In order to propose an accurate diagnosis during the longitudinal monitoring of the same region in magnetic resonance imaging, it is important that the same acquisition volumes over time are the same to allow a follow-up study.
To carry out an MRI acquisition of the brain, the operator must first define the region of interest to be visualized as well as the orientation of the cutting planes. To do this, it first performs low-resolution acquisitions through fast MRI sessions. This step is done manually. However, because of inter- and intra-operator variability, differences in positioning and orientation occur from one week to the next, making the diagnosis delicate or false.
Based on the low-resolution localizer images, the operator schedules a complete and detailed scan of the brain. This complete acquisition takes much longer. Therefore, it is essential that the positioning made with the location images is correct in order to obtain comparable acquisitions for longitudinal monitoring, and not having to relaunch an exam again.
The goal of the project is to establish a proof of feasibility of an automatic determination of the acquisition plans in cerebral MRI of the small animal under Python
By the time this project was done, there was no method to determine the acquisition plans for small animals, only for humans. The reason is that small animals have less water in their brains, making the acquisition image less informative and more noisy.
The small animal is placed in the MRI machine at week 0 and he is put back on the machine at week X to do a follow-up exam.
The acquisition volume would be wrong. To have have a compatible volume, the rotation and translation of the small animal inside the machine with relation to the former exam has to be fed to the machine so it can correct itself.

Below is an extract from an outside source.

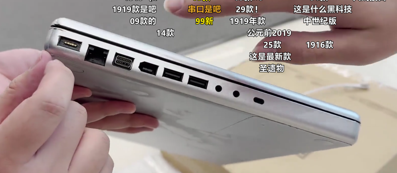As others have said, the port selection looks identical to that on a polycarbonate MacBook , but it seems to lack the button bar at the bottom of the trackpad that those had: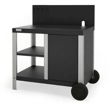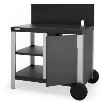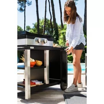 « . 1 plateau supérieur 87*54 cm. 1 Crédence haute 87*27 cm avec porte-ustensiles. 2 étagères 43*36 cm. 1 porte avec système d’ouverture  » push-pull  » (une simple pression déclenche l’ouverture de la porte) pour dissimuler la bouteille de gaz. 2 roues avec enjoliveurs. 1 poignée. En version ino satiné. Dimensions : L99 P64 H102 . A monter soi-même. Certification Origine France Garantie. Garantie : 5 ans »Déplacement facile sur tout type de terrain : 2 roues avec enjoliveurs et 1 poignéeLarge espace de travail : plateau supérieur 87×54 cm pouvant recevoir la plancha Allure 260 avec son couvercleEspace de rangement fonctionnel : 2 étagères, 1 espace de rangement fermé pour la bouteille de gaz et un porte-ustensiles inclus

To obtain an MRI image at week x of the same volume as at week x-1, we first launch the rapid acquisition of a low resolution image composed of each of the three plans of the volume. This image will be called the ‘localizer’. We will readjust this last with the 3D volume (in blue on the right on the diagram) previously acquired, which will give the translation and rotation factors (according to x, y and theta) to enter into the software MRI positioning.
There are two ways the dataset is created. One is generate it using the previously volume acquired (intra-patient method).This method is not ideal as it requires a dataset generation and training of a model for each studied animal. The other is using an atlas image. It is an image created from the average of many other images of a brain. The dataset and model using the atlas is created only once, and all registrations will comply to the positioning relative to the atlas.
In our simplified 2D problem, the dataset creation is as follows: one image from the volume is taken and transformed along the x an y axis and rotated from the center. The chosen transformation was -30 to 30 pixels on x and y axis with a step of 1 pixel and -30 to 30 degrees with 1 theta step. All combination gives a dataset issued from 60x60x60 = 216000 images. From each image, the intensity values of the mid row and mid column are extracted and stored in the dataset matrix that later on is fed to the regression model.
To access the accuracy of the algorithm, we run a 1000 tests. At each test, the image is transformed with random parameters and the model tries to predict the transformation. It is considered a success if:
and
After the accuracy is accessed for this image, the accuracy is then accessed when noise is progressively added to the image. The values on the image range from -100 to 1200.
For the random forest regression with 25 trees trained on the acquisition, the success rate is 94%, the learning time is 40 minutes and prediction time is 2 milliseconds.
However, when the model is trained on the atlas image, the accuracy is virtually 0%. That means random forest could be considered for intra-patient exams. What make it impractical is the large learning time of 40 minutes and the model that weights 1GB. If more than just one image of the training volume would be used to train the model (3D problem) and considering now the two extra rotation along the other axis, the memory required for the model would easily explode.
Here are some more testing with random forest 25 trees:
Another regression method tested was K-nearest neighbors. It has the advantage of being more robust to noise, having excellent prediction in both Atlas and acquisition dataset; 95% and a fast prediction time - 100ms.
Now with the atlas image the learning time is not much important as it would have to be trained only once, but again the memory required to store the model is too high, 1.5GB. In a 3D scenario it would again explode.
This concludes that it is not viable to determine the acquisition plans using Knn and random forest, when we consider all position and orientation constraints as unknowns.
Download the atlas image allenBrainAtlas.nii and the acquisition image CTRL_alc_M1_t2_1.nii.
Use delete_NaN() to remove NaN values of your image block.
Call create_dataset() passing the path to the one of the images downloaded.
Call get_fit() passing the dataset and labels to get the model.
Call predict() passing the model and a test image.
Call draw_plots() to visualize the accuracy and error curves.